The wealth of knowledge aspired was to serve as a foundation on which comparisons could then be made between the localities or areas researched. The knowledge would have allowed a "pure science" to emerge from the exhaustive research. Inherent to Ritter's understanding of area, is the role of God in its creation. He believed the shape of the Earth functioned as a way for God to speak with humans, so that his will could be done. God's will was the development and fulfilment of the areas created.
Format of the Work
At the time of his death, Ritter had produced an astonishing amount of geographical literature contained in his "Erdkunde" alone. It amounts to 21 volumes comprising 19 parts which can be roughly divided into 6 sections
1. Africa 1822
2. East Asia 1818-1836
3. West Asia 1837-1844
4. Arabia 1846-1847
5. Sinai Peninsula 1847-1848
6. Asia Minor 1850-1852
Ritter's masterwork, the 19-volume Die Erdkunde im Verhältniss zur Natur und zur Geschichte des Menschen, written 1816–1859, developed at prodigious length the theme of the influence of the physical environment on human activity. It is an encyclopedia of geographical lore. Ritter unfolded and established the treatment of geography as a study and a science. His treatment was endorsed and adopted by all geographers.
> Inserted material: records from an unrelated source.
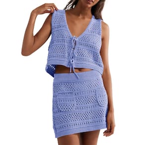 Tão atemporal e perfeito para dias de praia, este lindo conjunto da nossa coleção de saída de praia de crochê será ideal para todas as estações. Mantenha-o coordenado com um conjunto que é perfeito para misturar e combinar. Ajuste relaxado inspirado no colete, decote em V, fechos de gravata na frente, sem forro. A minissaia possui cintura elástica de cintura alta para facilitar o puxão, bolsos caídos - Essenciais: Descubra nossa variedade de saídas de banho femininas, com minissaia de cintura alta, como roupa de praia com costura vazada. A gravata frontal é projetada para ser fácil de colocar e tirar. O conjunto de saída de praia se tornará sua roupa de praia favorita - Design exclusivo: a saída de praia de crochê de 2 peças apresenta malha boho leve, gola V, fecho frontal de amarrar, adicionando um toque de gosto feminino. Nossas saídas de praia femininas não são apenas um conjunto de roupas, são tendências da moda e malhas funcionais - LEVE: tecidos macios e respiráveis com designs transparentes adicionam um toque sexy ao seu visual de verão. Reveladora, mas modesta, nossa saída de banho pode fornecer cobertura enquanto ainda exibe roupas por baixo. Esta blusa cropped feminina sem mangas não só pode ser usada como saída de praia, mas também pode ser usada como uma regata de malha leve de verão - OCASIÃO: Nossos conjuntos de saias de praia femininas de 2 peças são uma combinação de tops sem mangas e mini vestido quente, perfeito para férias na praia. A saída de praia feminina é uma adição definitiva à sua coleção de roupas de banho. Adequado tanto para uso casual, como festas, regresso a casa, sair, praia, férias, viagens, namoro - Dicas quentes: para uso duradouro, recomendamos lavar à mão em água fria, secar na horizontal e evitar alvejante. Basta seguir nossas instruções de cuidados e você poderá usá-lo por muitos anos
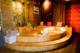 ドクターフィッシュや足湯エリアは、柔らかいヒノキ調のインテリアです。 |
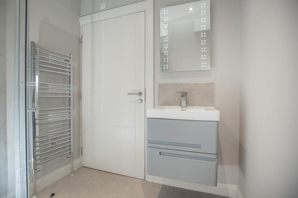 The modern bathroom boasts a shower with designer wet wall panels, back to wall WC, wall hung sink with LED demisting mirror and chrome towel rail. Both bedroom spaces include trendy double beds, wardrobe with drawer and bedside unit. The apartment also hosts a utility room cupboard for washing and storing clothes.

The first volume of Die Erdkunde was completed in Berlin in 1816, and a part of it was published in the following year. The whole of the first volume did not appear until 1832, and the following volumes were issued from the press in rapid succession. Die Erdkunde was left incomplete at the time of Ritter's death, covering only Asia and Africa.
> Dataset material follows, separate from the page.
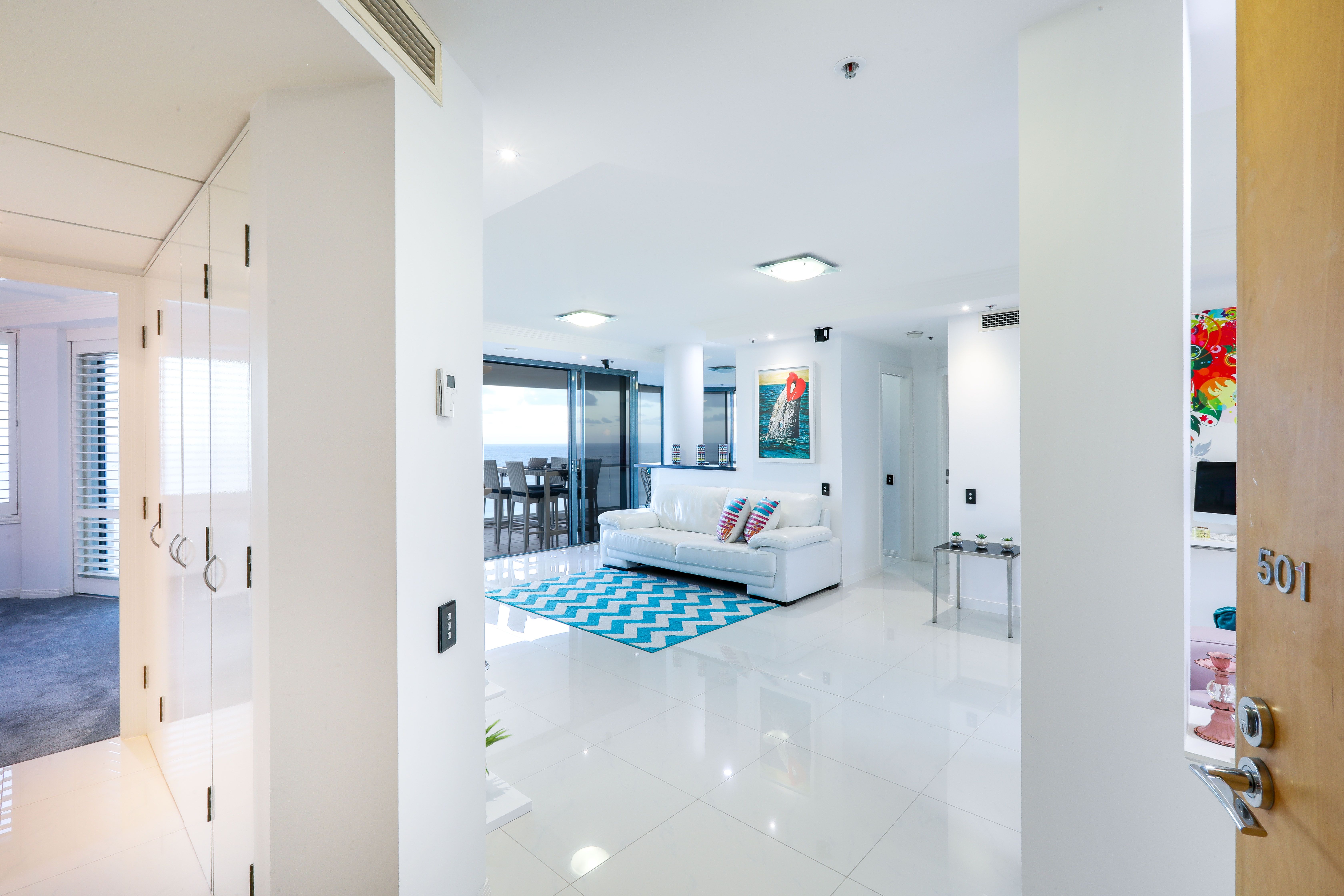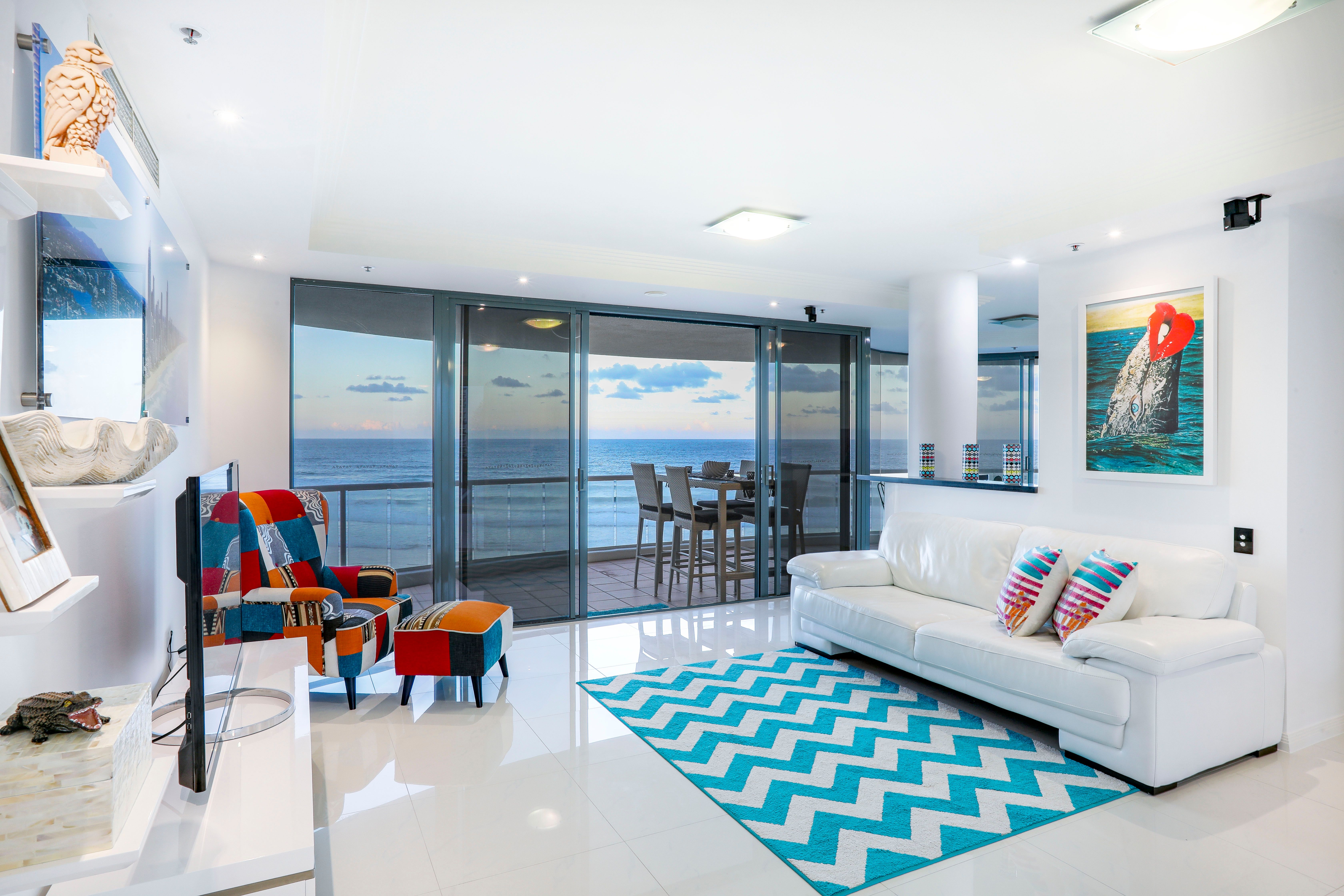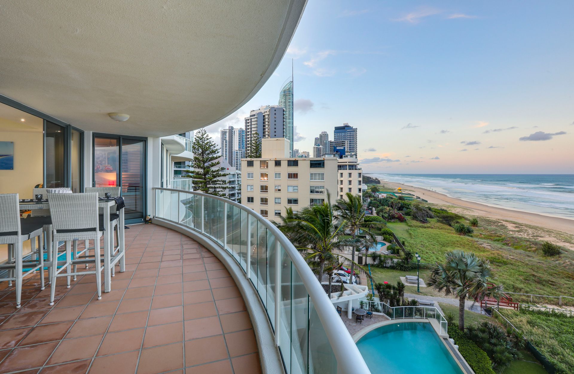 This very spacious, well laid out apartment has a perfect 180 degree panorama of the beach and ocean, from Coolangatta to Q1 and is within metres of the Northcliffe Surf Club and the new 'Jewel' resort complex.

Many of Ritter's writings were printed in the Monatsberichte of the Berlin Geographical Society, and in the Zeitschrift für allgemeine Erdkunde. His Geschichte der Erdkunde und der Entdeckungen, Allgemeine Erdkunde, and Europa were published posthumously. Some of his works have been translated into English by W. L. Gage: Comparative Geography, and The Comparative Geography of Palestine and the Sinaitic Peninsula

Political abuse of his work

Ritter's writings thus also had implications for political theory. His organic conception of the state could be abused to justify the pursuit of Lebensraum, even at the cost of another nation's existence, because conquest was seen as a biological necessity for a state's growth. His ideas were adopted and transformed into an expansionist ideology by the German geostrategist Friedrich Ratzel. It is to be doubted, however, whether Carl Ritter can be held responsible for this interpretation, which was developed under the influence of Darwinism, which was to become a leading and popular ideology in Germany only after Ritter's death.